[[ Records, beginning ]]

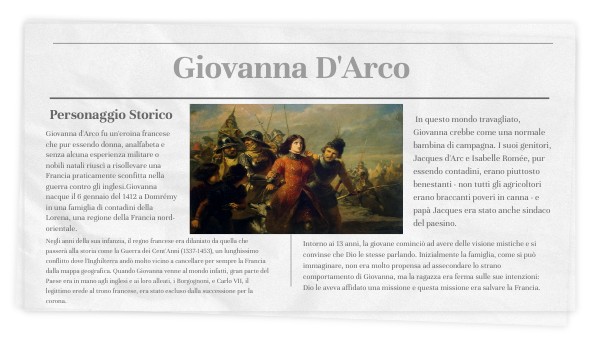 Giovanna d'Arco è stata una figura importante durante la Guerra dei Cent'anni, un conflitto durato dal 1337 al 1453 tra la Francia e l'Inghilterra. La guerra ebbe origine da una disputa sulla successione al trono francese tra Edoardo III d'Inghilterra e Filippo VI di Francia. Nel corso della guerra, gli inglesi conquistarono diverse città e territori francesi, tra cui Rouen, Calais e la Guyenna. Nel 1420, il Trattato di Troyes sancì l'ascesa al trono di Enrico V d'Inghilterra e la sua successione al trono francese, dopo la morte di Carlo VI di Francia. In questo contesto, Giovanna d'Arco, una giovane contadina francese, affermò di aver ricevuto visioni divine che le ordinarono di liberare la Francia dagli inglesi e di far incoronare Carlo VII come re di Francia.Giovanna d'Arco è diventata un'importante figura della guerra quando, a soli 17 anni, ha affermato di essere stata ispirata da voci divine a liberare la Francia dall'invasione inglese. Ha incontrato il futuro re di Francia, Carlo VII, e ha ottenuto da lui l'autorizzazione per guidare l'esercito francese. Ha combattuto in alcune importanti battaglie, tra cui quella di Orléans, che ha permesso alla Francia di ottenere una vittoria significativa contro gli inglesi. Nonostante la sua giovane età e la sua mancanza di esperienza militare, Giovanna ha dimostrato di essere un'abile leader e un'ispirazione per l'esercito francese.Nel 1429, guidò un esercito francese che liberò la città di Orléans, una vittoria significativa che segnò una svolta nella guerra. Giovanna d'Arco continuò a guidare l'esercito francese in diverse battaglie, ma nel 1430 fu catturata dagli inglesi. Fu processata per eresia e condannata a morte, venendo bruciata sul rogo a Rouen nel 1431. Tuttavia, la sua figura divenne presto un simbolo della resistenza francese e della lotta per l'indipendenza nazionale. Nel 1456, la Chiesa cattolica riabilitò Giovanna d'Arco e nel 1920 fu proclamata santa. Oggi, Giovanna d'Arco è considerata un'eroina nazionale in Francia e la sua figura continua a ispirare molte persone in tutto il mondo.
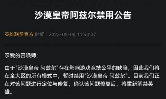 或许拳头设计师应该考虑在修复BUG问题前,暂时禁用沙皇的选择。
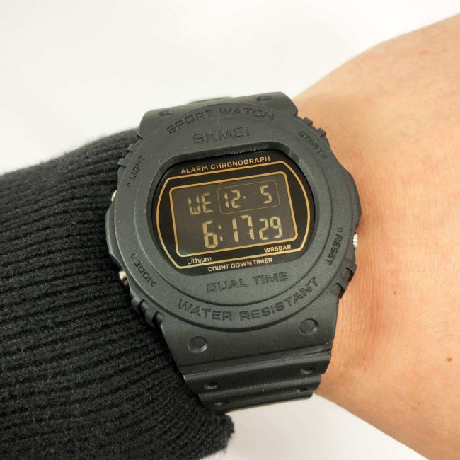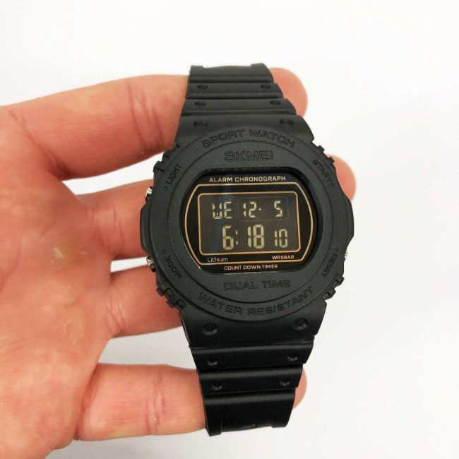 SKMEI 1776BKBK має всі основні функції: подвійний час, будильник, секундомір, таймер зворотного відліку, підсвітка, індикація дати й дня тижня, а також формат часу 12/24 години. Водозахист 5 ATM дозволяє не знімати годинник при дощі, митті рук чи під час тренувань. Це ідеальний вибір для тих, хто цінує простоту, функціональність і витривалість.
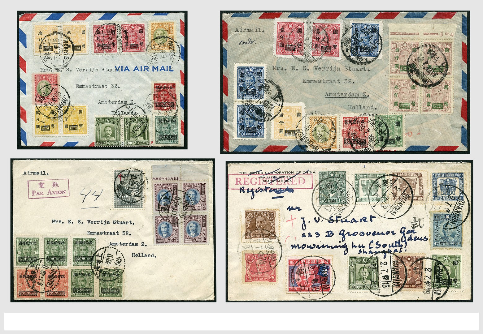 CHINA, fine collection of 50 covers, mostly the 1930s and 1940s from Shanghai by airmail to the Netherlands, or locally sent in Shanghai, showing a wide variety of colourful frankings, all from an authentic correspondence, housed in an album
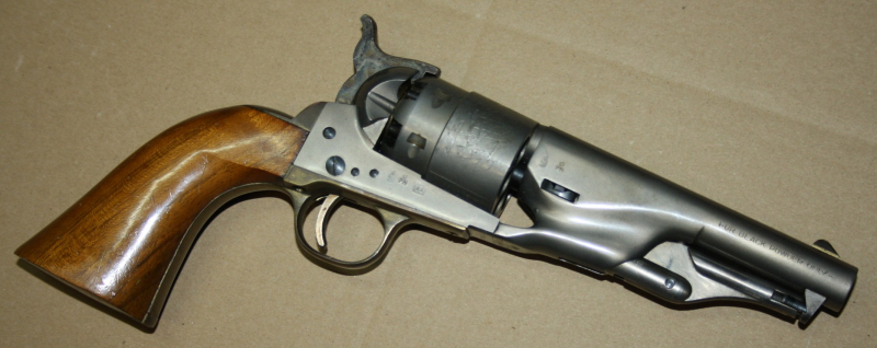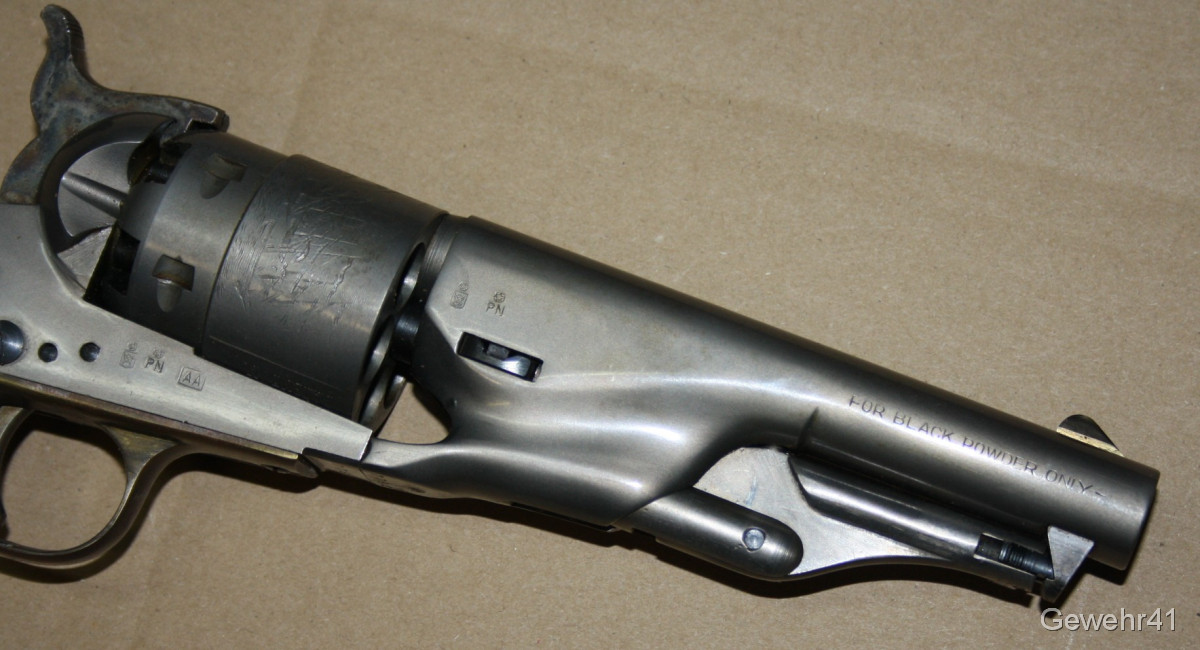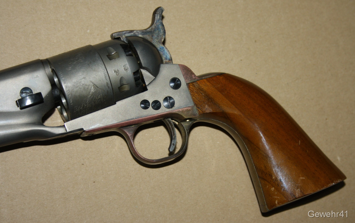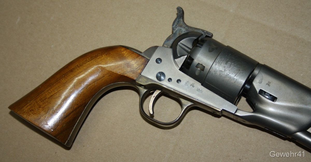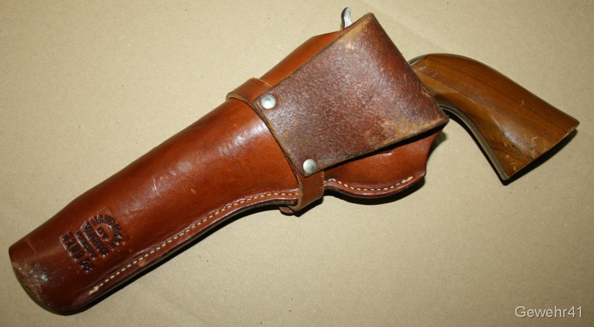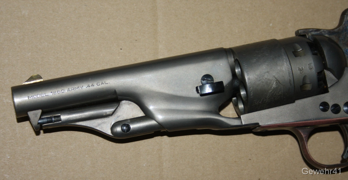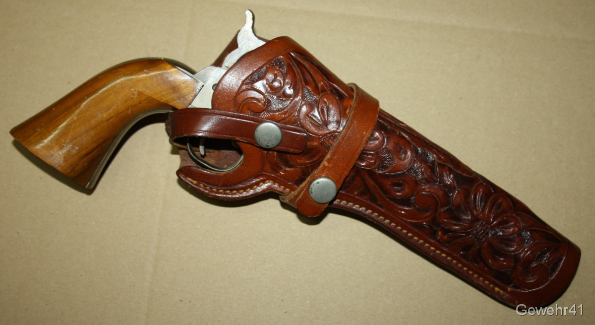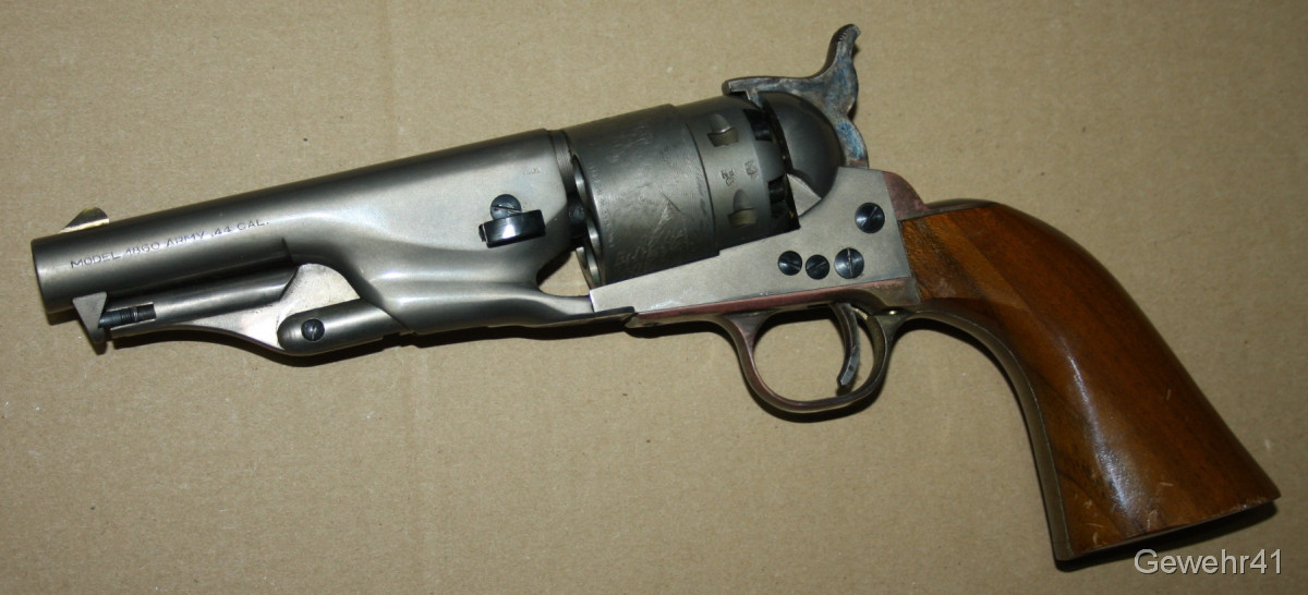 Sie bieten auf diesen Perkussions Vorderlader Revolver Modell "Army 1860" im Kal. 44. Er ist im absolut neuwertigen Zustand und stammt aus Erstbesitz. Wurde nie geschossen. Lauf und Funktion einwandfrei. Dazu gibts das handgefertigte Lederholster!

[[ Records, end ]]

◆ **Assignment**
Would you restate, word for word, the lines from the one holding "SKMEI 1776BKBK має" through the end of the material above? Omit the pictures.

◆ **Exercise solution**
 SKMEI 1776BKBK має всі основні функції: подвійний час, будильник, секундомір, таймер зворотного відліку, підсвітка, індикація дати й дня тижня, а також формат часу 12/24 години. Водозахист 5 ATM дозволяє не знімати годинник при дощі, митті рук чи під час тренувань. Це ідеальний вибір для тих, хто цінує простоту, функціональність і витривалість.
 CHINA, fine collection of 50 covers, mostly the 1930s and 1940s from Shanghai by airmail to the Netherlands, or locally sent in Shanghai, showing a wide variety of colourful frankings, all from an authentic correspondence, housed in an album
 Sie bieten auf diesen Perkussions Vorderlader Revolver Modell "Army 1860" im Kal. 44. Er ist im absolut neuwertigen Zustand und stammt aus Erstbesitz. Wurde nie geschossen. Lauf und Funktion einwandfrei. Dazu gibts das handgefertigte Lederholster!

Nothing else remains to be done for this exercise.